Я знал об этом, но так и не поговорил с отцом. Я пошел к себе, а вскоре увидел в окно, что отец уходит в горы, шагая тяжело, с набитым железками рюкзаком. На ледник в одиночку не ходят, я знал, что вечером ему предстоят унизительные поиски. В приютах всегда попадались такие, как он: подсаживались то за один стол, то за другой, слушали разговоры, вступали в беседу, а в конце предлагали идти завтра вместе, понимая, что никого не радует перспектива принять в связку чужака. Тогда я считал, что для отца это лучшее наказание.
Тем летом я тоже был наказан. После долгих тренировок на валунах мы с двумя парнями решили доказать, что мы настоящие скалолазы.

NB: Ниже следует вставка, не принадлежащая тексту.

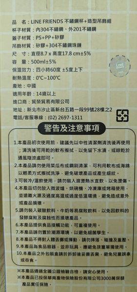 紀念品名稱:LINE FRIENDS不鏽鋼杯+造型吊飾組
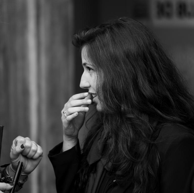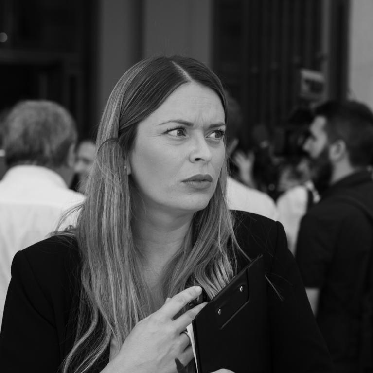 Ella es de aire libre. Es feliz en los montajes y en los eventos. Se desvive con tal de hacerle la vida fácil al resto. La hemos visto nacer y crecer (profesionalmente) y nos encanta que haya heredado de Doña Prudencia ese sentido tan brutal del "por si acaso". Morimos de envidia cuando después de 15 horas trabajando en un evento le quedan fuerzas para salir con sus amigas. Su único defecto: nos hace crepes sólo una vez al año.
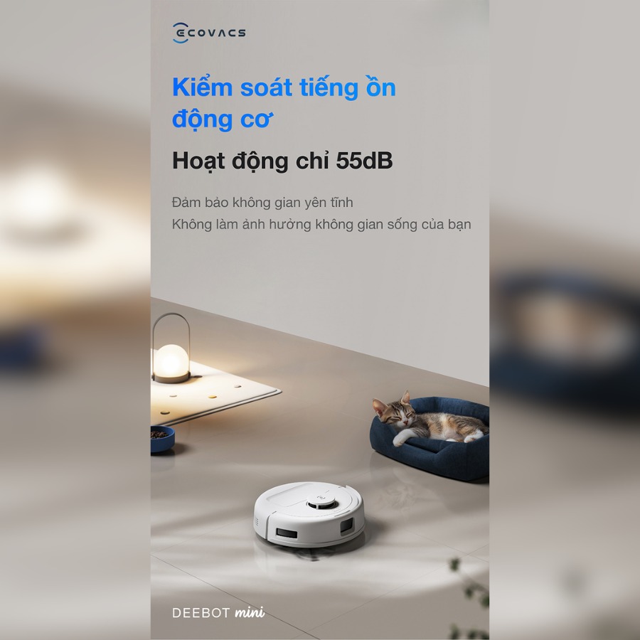 Nhờ động cơ không chổi than và cấu trúc giảm rung đặc biệt, Ecovacs Deebot Mini hoạt động ở mức âm thanh 55–60dB (khi hút/lau) và 70dB (khi đổ rác).
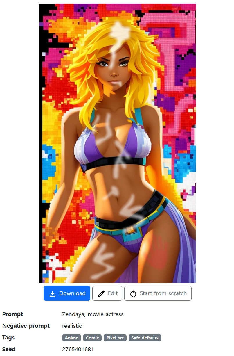 어떤 AI 생성 웹사이트에서 단어만을 입력해서 생성한 '젠데이야 (Zendaya)' 이미지 (+ 필자가 약간 수정함). Prompt에 입력한 단어와 설정은 그림 아래에 있음.
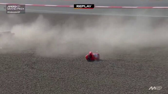 Marc dejó la imagen que nadie quería ver y al levantarse hacía sonar todas las alarmas al llevarse el brazo contrario al hombro que le ha generado tantos problemas en su carrera. El de Ducati fue trasladado al centro médico tras el traumatismo en el hombro.
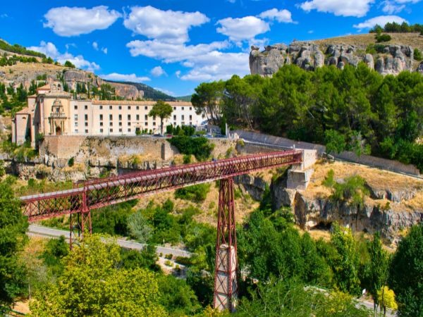 San Pablo Bridge is one of the most memorable spots in Cuenca. This iron and wooden footbridge crosses the Huécar gorge and offers stunning views of the Hanging Houses and the surrounding cliffs. Standing on the bridge, you can see the river far below and the dramatic rock formations that define the town’s landscape.
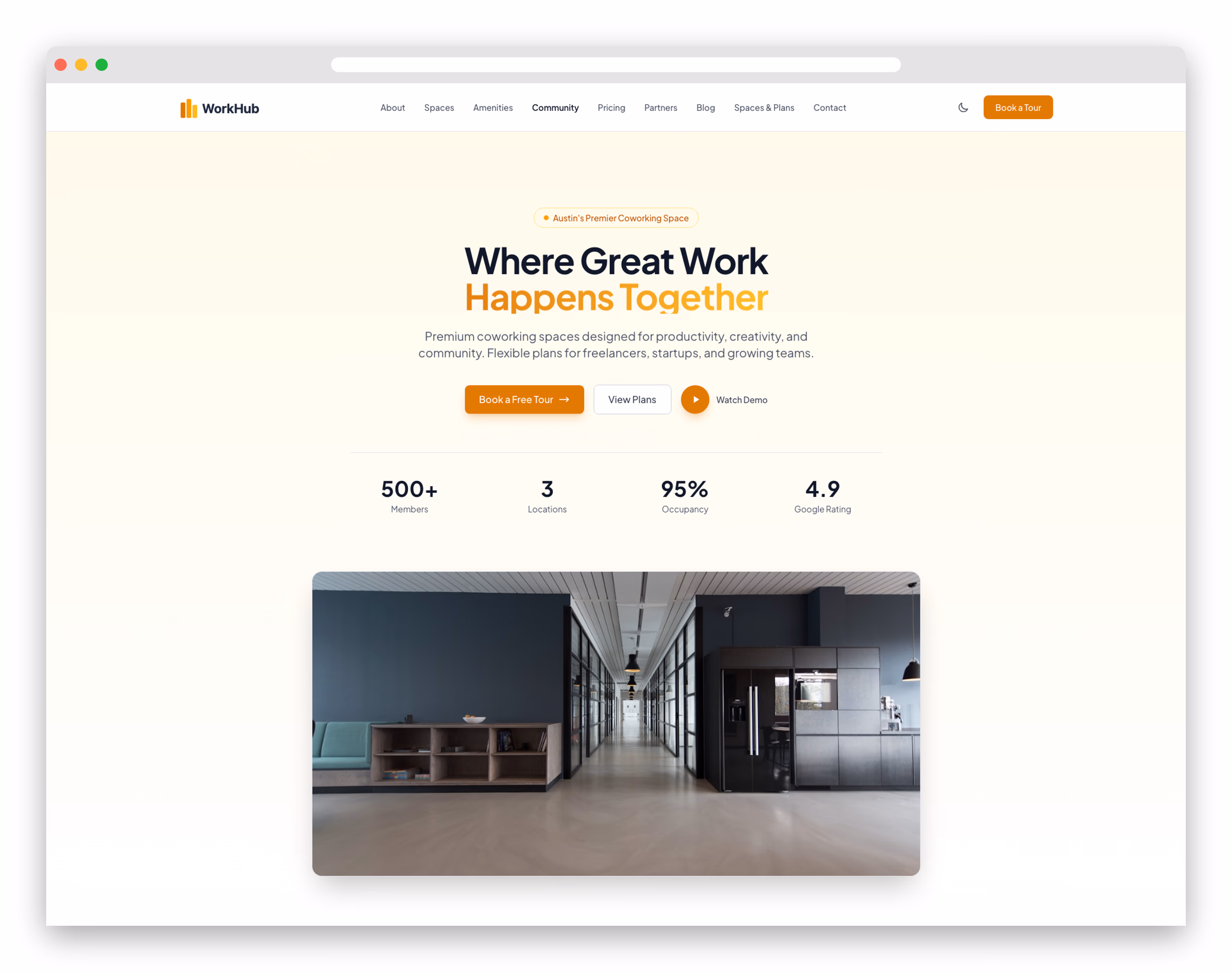 Remote workers and startups choose coworking spaces based on vibe, amenities, and pricing transparency. WorkHub delivers all three through virtual space tours, desk/office comparisons, and clear membership tiers. Community event calendars and member testimonials sell the networking value that justifies premium pricing over working from home. Membership plans, event listings, and community spotlights are managed through YAML and Markdown—keep your space page fresh without a developer on call.

Первый был сыном того “коллекционера”, у которого мы забрали вино, генуэзец, один из самых сильных в нашей компании, второй – его приятель; он начал заниматься скалолазанием несколько месяцев назад, без особого интереса и способностей, видимо, чтобы не отставать от друга. Скала находилась так близко от дороги, что только мы пересекли луг, как оказались у подножия, под карнизом, где прятались животные от дождя и солнца. Стоя среди коров, мы переобулись, потом генуэзец вручил мне стропы и металлический карабин, привязал к нам концы веревки, себя привязал посередине, без особых церемоний велел приятелю страховать и полез.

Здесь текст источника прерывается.